Global nitrate pollution poses a significant challenge to ecological water systems. The electrocatalytic treatment of nitrate wastewater, coupled with high-value ammonia production, offers a promising solution. Herein, we have developed a copper-based cobalt catalyst, Co@CF, using in situ electrodeposition, achieving a faradaic efficiency of 92.49% for catalytic ammonia production and an ammonia yield of 5.99 mg h⁻¹ cm⁻². As a bifunctional catalyst, Co@CF also demonstrates excellent performance in catalyzing methanol oxidation to produce formic acid. Coupling the methanol oxidation reaction (MOR) with the nitrate reduction reaction (NO₃RR) significantly enhances the faradaic efficiency and yield of ammonia production to 95.16% and 7.51 mg h⁻¹ cm⁻², respectively, while achieving an anodic formic acid production efficiency of 91.74% and a yield of 18.53 mg h⁻¹ cm⁻². Moreover, the coupling system maintains excellent catalytic performance for ammonia synthesis over 60 h.

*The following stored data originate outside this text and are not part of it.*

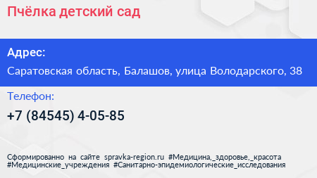 Пчёлка, детский сад по адресу Саратовская область, Балашов, улица Володарского, 38 в дальнейшем Организация, размещена в следующих категориях:
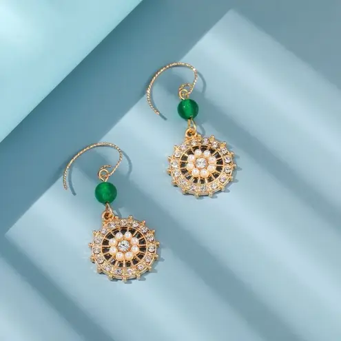 Elegant Gold Green Bead Crystal Drop Earrings | Pearl Sunburst Design NWT • Statement drop earrings with intricate gold-tone sunburst design • Features green faux jade bead and crystal-studded circular pendant • Centered pearl flower cluster surrounded by clear rhinestones • Lightweight and eye-catching, perfect for festive or elegant wear • Pierced earrings with curved twisted hooks • Size approx. 4 cm long (see photo with ruler)
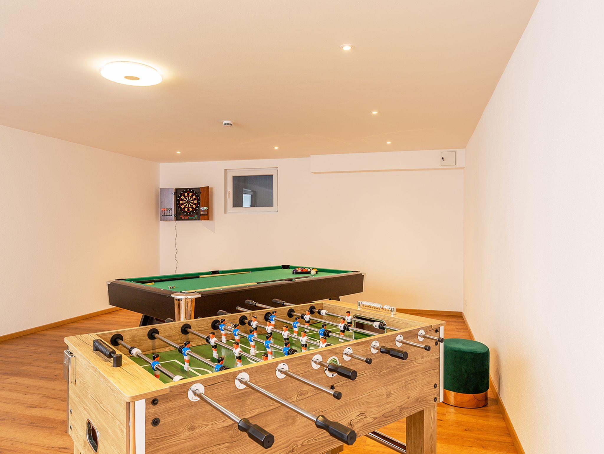 Im Keller erwartet Sie ein ca. 40 m² großer Freizeitraum mit Billard, Kicker und Dart sowie einem gemütlichen Sitzbereich – perfekt für gemeinsame Stunden.
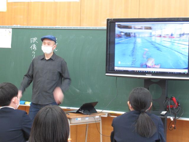 1月20日(金)、映像クリエイターの酒師精一郎氏をお招きし、6年生が映像クリエイターのお仕事や、この職に就くまでの経緯などのお話を聞きました。酒師さんは昨年度、金津小のPR動画を作成してくださった方で、その時の失敗談や、動画撮影の際の苦労などの裏話も教えてくださいました。以前は旅行会社に勤めていましたが、コロナ禍を機に、新しいことを始めてみようと3年前から動画制作を始めたそうです。新しいことに挑戦することのおもしろさ、大切さを学ぶことができました。
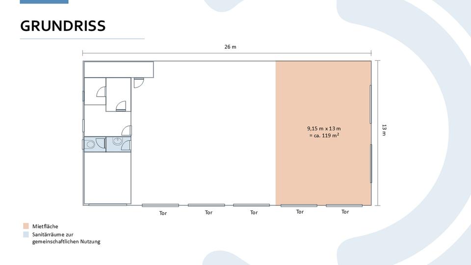Die Mietfläche ist nicht separat abgetrennt und geht offen in einen benachbarten Mietbereich über. Die sanitären Einrichtungen werden gemeinschaftlich mit dem zweiten Mieter genutzt.

In situ Raman spectroscopy reveals that Co²⁺ and Co³⁺ in Co@CF consume OH⁻ from hydrolysis, allowing H⁺ to participate in the hydrogenation of intermediate species during NO₃⁻ reduction, thereby enhancing ammonia selectivity. This study presents an effective strategy for the clean and efficient conversion of nitrate to ammonia, offering a promising approach for sustainable ammonia synthesis.